Bitcoin’s plunge to nearly $60,000 on Thursday, a nearly 30% drop over 7 days, has got traders on X began floating theories that the selloff was not purely macro or risk-off, but various reasons that contributed to the asset’s worst single-day performance since FTX crashed in 2022.

Flood, a prominent crypto trader, called it in an X post the most vicious selling he’s seen in years and said it felt “forced” and “indiscriminate,” floating possibilities ranging from a sovereign dumping billions to an exchange balance sheet blowup.

Few theories: – Secret Sovereign dumping $10B+ (Saudi/UAE/Russia/China) – Exchange blowup, or Exchange that had tens of billions of dollars of Bitcoin on the balance sheet forced to sell for whatever reason.

Pantera Capital general partner Franklin Bi offered a more detailed theory.
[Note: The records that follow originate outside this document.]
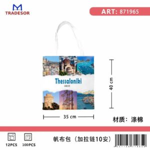 Υφασμάτινη τουριστική τσάντα καμβάς με φερμουάρ – Thessaloniki – 35*40cm – 871965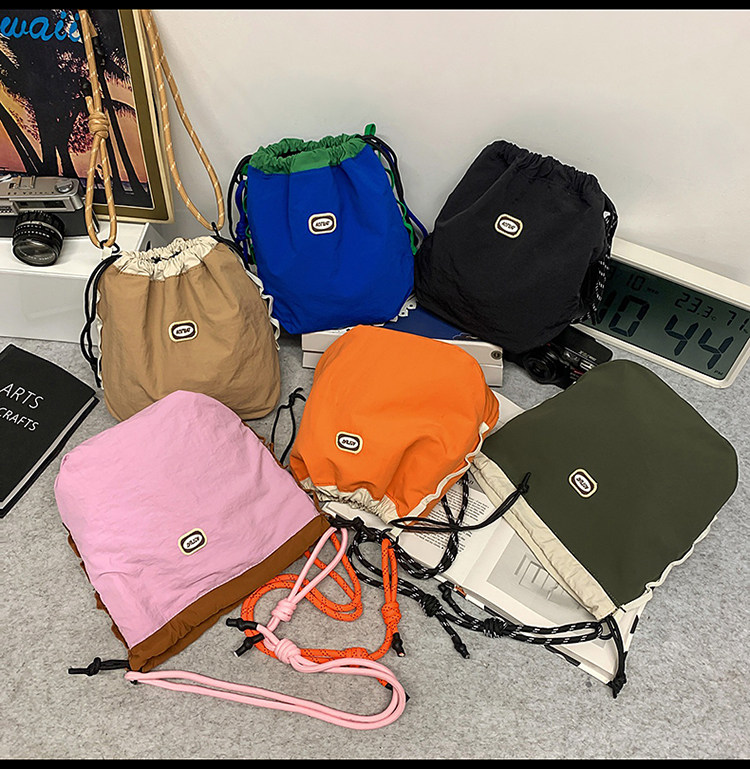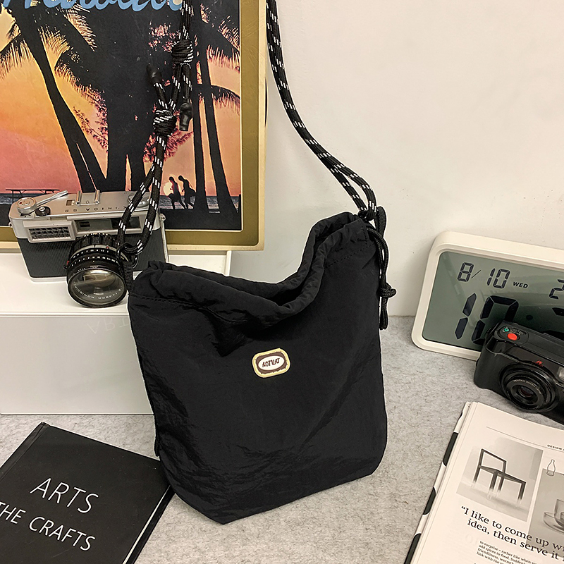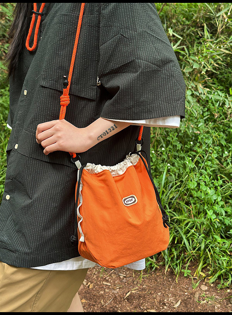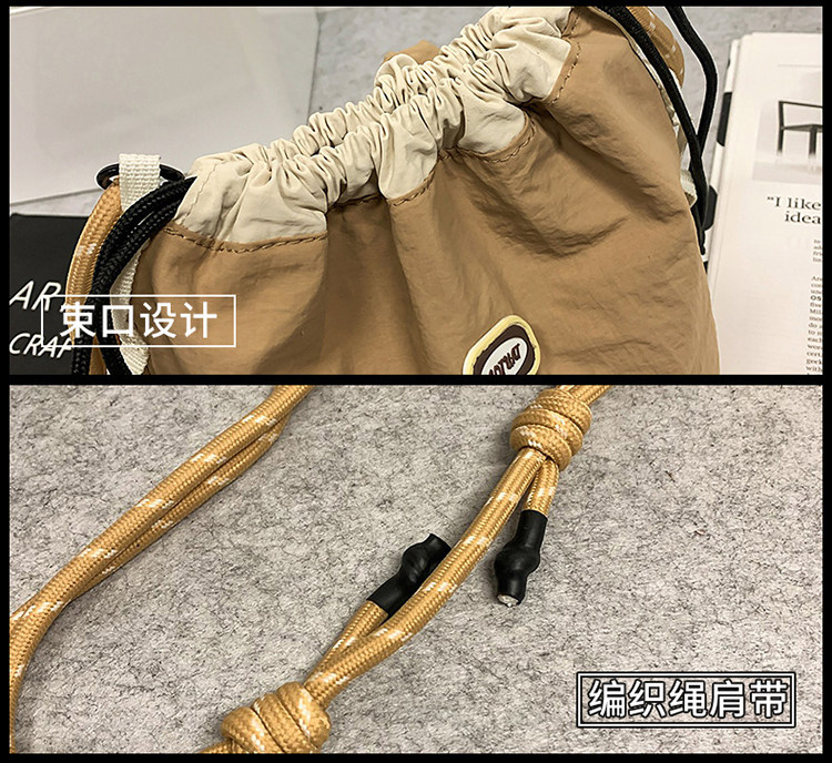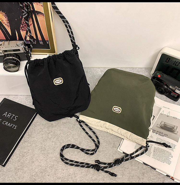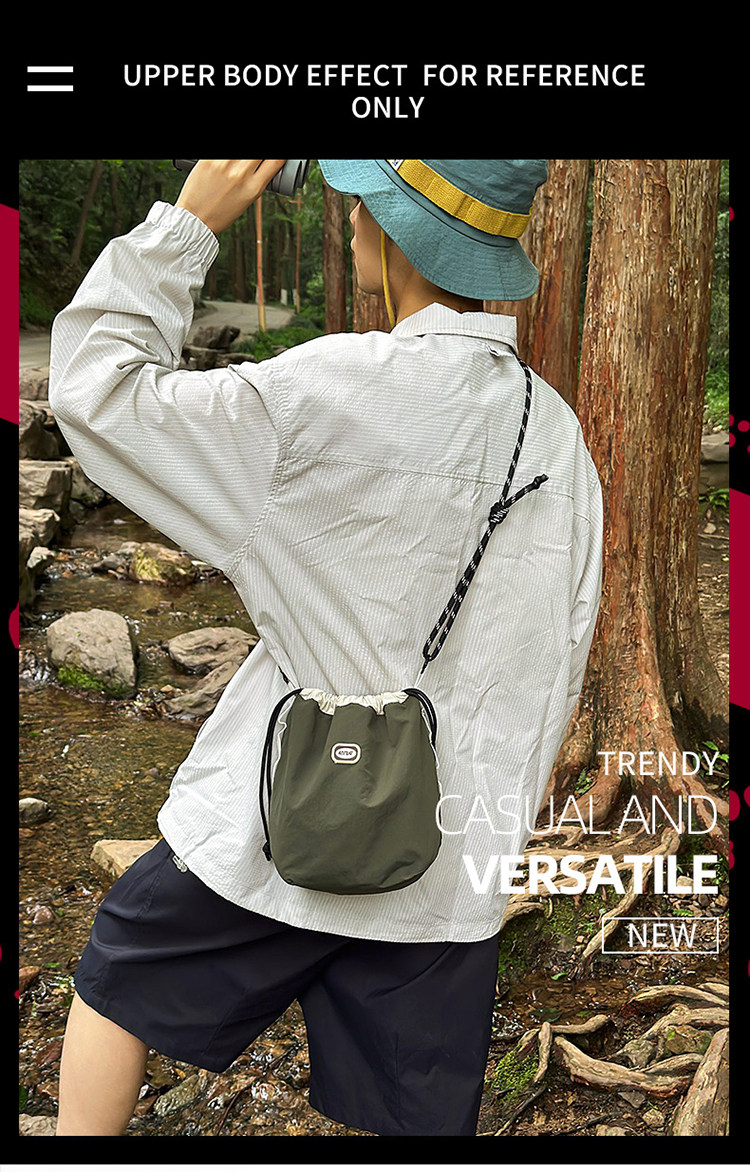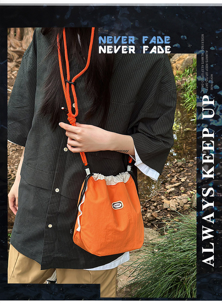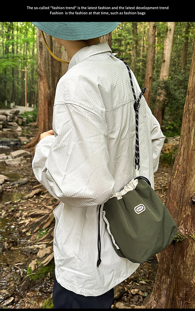 ins潮牌个性斜挎包抽绳束口百搭手机包轻便运动水桶包休闲单肩包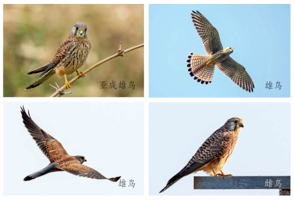鉴别特征:体长约37 cm,小型猛禽。背部多为砖红色,具黑色斑点,眼下具明显的黑褐色髭纹。雄鸟头顶和颈部灰色。飞行时翼指不明显,尾端黑色明显。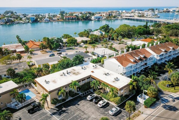 Here are the negatives: The property is on a busy road far from the beach. There is a view of the parking lot. While my stay was enjoyable, I did encounter a couple of minor inconveniences. For instance, I couldn't find a corkscrew to open a bottle of wine, and I even ran out of salt. I understand that these things can happen, and I'm sure they can be easily addressed. For the positives: it is in St. Pete Beach.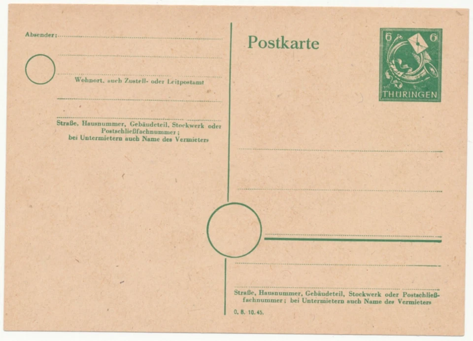 Thüringen 1945 Ganzsache - Posthorn Michel Nr. P 13
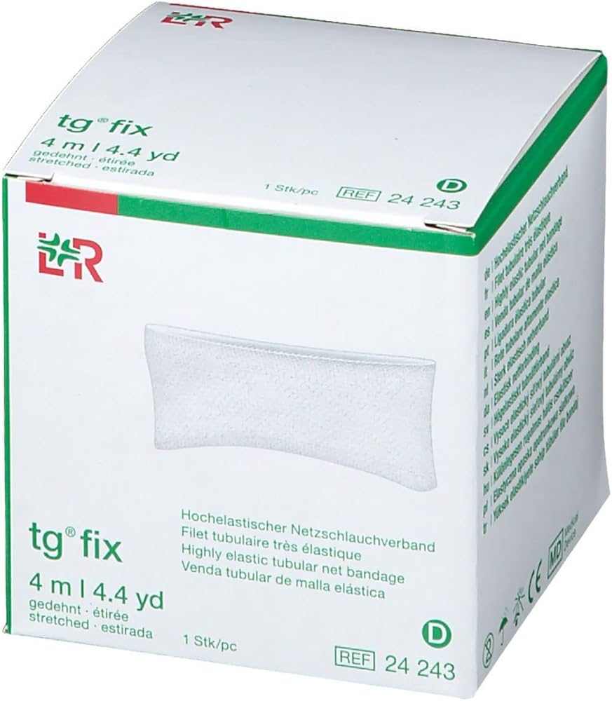 The tg fix bandage is a large-mesh, highly elastic tubular net bandage. It can be used for the easy and time-saving retention of any type of wound dressing, as well as for applying occlusive films. Because it is so flexible it fits all body contours with no bunching, making it comfortable to wear. This net bandage can applied quickly in every situation.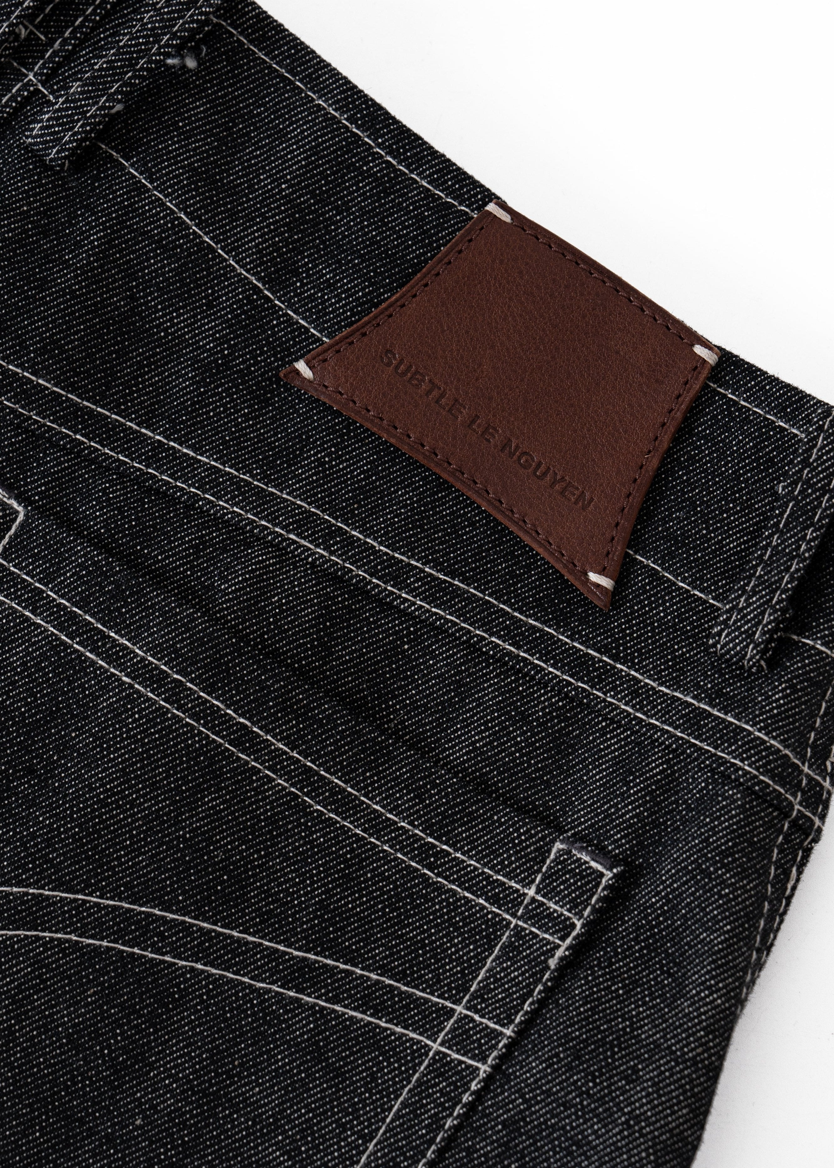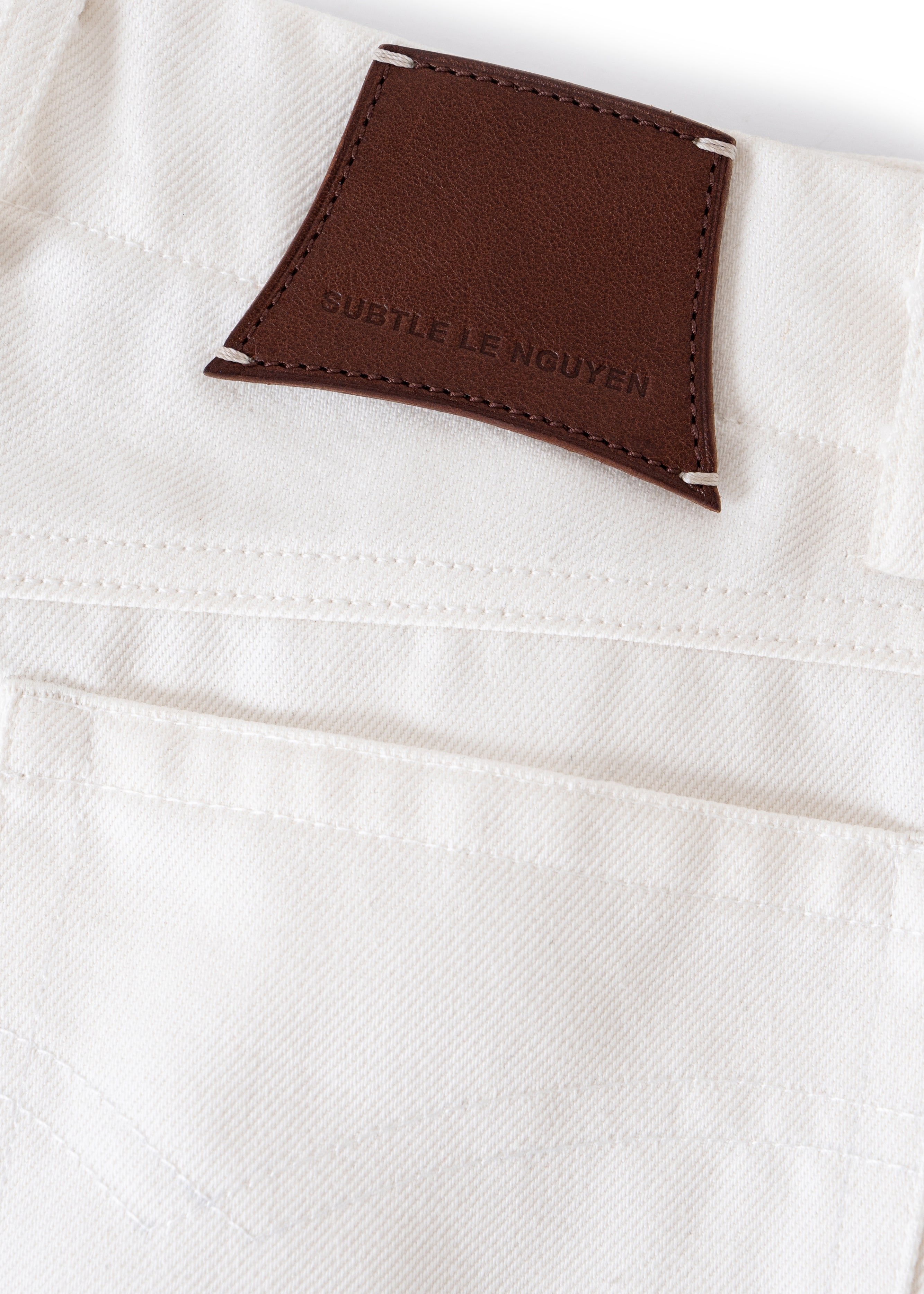 - Maxi length, regular rise- Belt loops, zip-fly, five-pocket styling- Debossed leather tagComposition: Cotton 100%Handmade in Vietnam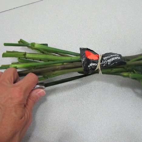 Cut carefully the rubber band attaching the packet to the stems. You don't want to damage the stems.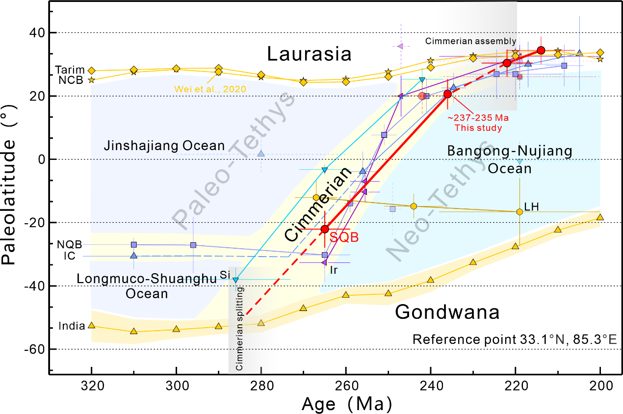 Wei, B., Cheng, X., Domeier, M., Zhou, Y., Chen, Q., Jiang, N., Xing, L., Zhang, D., Li, T., Liu, F., 2023. Paleomagnetism of Late Triassic Volcanic Rocks From the South Qiangtang Block, Tibet: Constraints on Longmuco-Shuanghu Ocean Closure in the Paleo‐Tethys Realm. Geophysical Research Letters 50, e2023GL104759. https://doi.org/10.1029/2023GL104759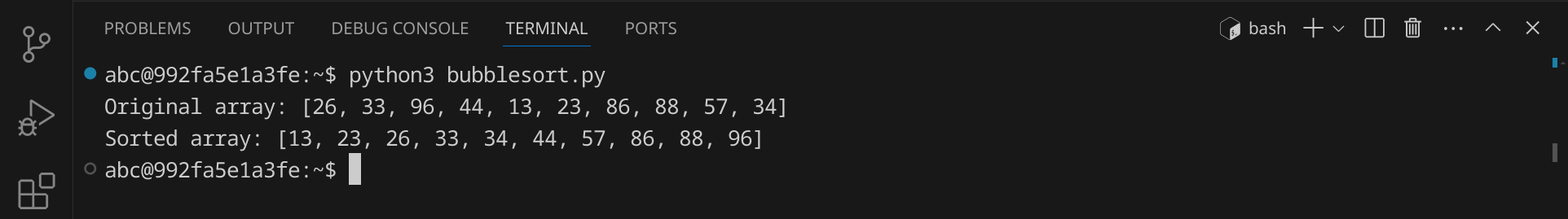 Speichere das Skript unter dem Namen bubblesort.py und führe es aus:

He suggested the seller could be a large Asia-based player with limited crypto-native counterparties, meaning the market would not “sniff them out” quickly.

My guess is that it’s not a crypto-focused trading firm but someone large outside of crypto, likely based in Asia, with very few crypto-native counterparties. hence why no one has sniffed them out on CT. comfortably leveraged & market-making on Binance –> JPY carry trade unwind –> 10/10 liquidity crisis –> ~90-day reprieve granted –> backfired attempt to recover on gold/silver trade –> desperate unwind this week.

In his view, the chain of events may have started with leverage on Binance, then worsened as carry trades unwound and liquidity evaporated, with a failed attempt to recover losses in gold and silver accelerating the forced unwind this week.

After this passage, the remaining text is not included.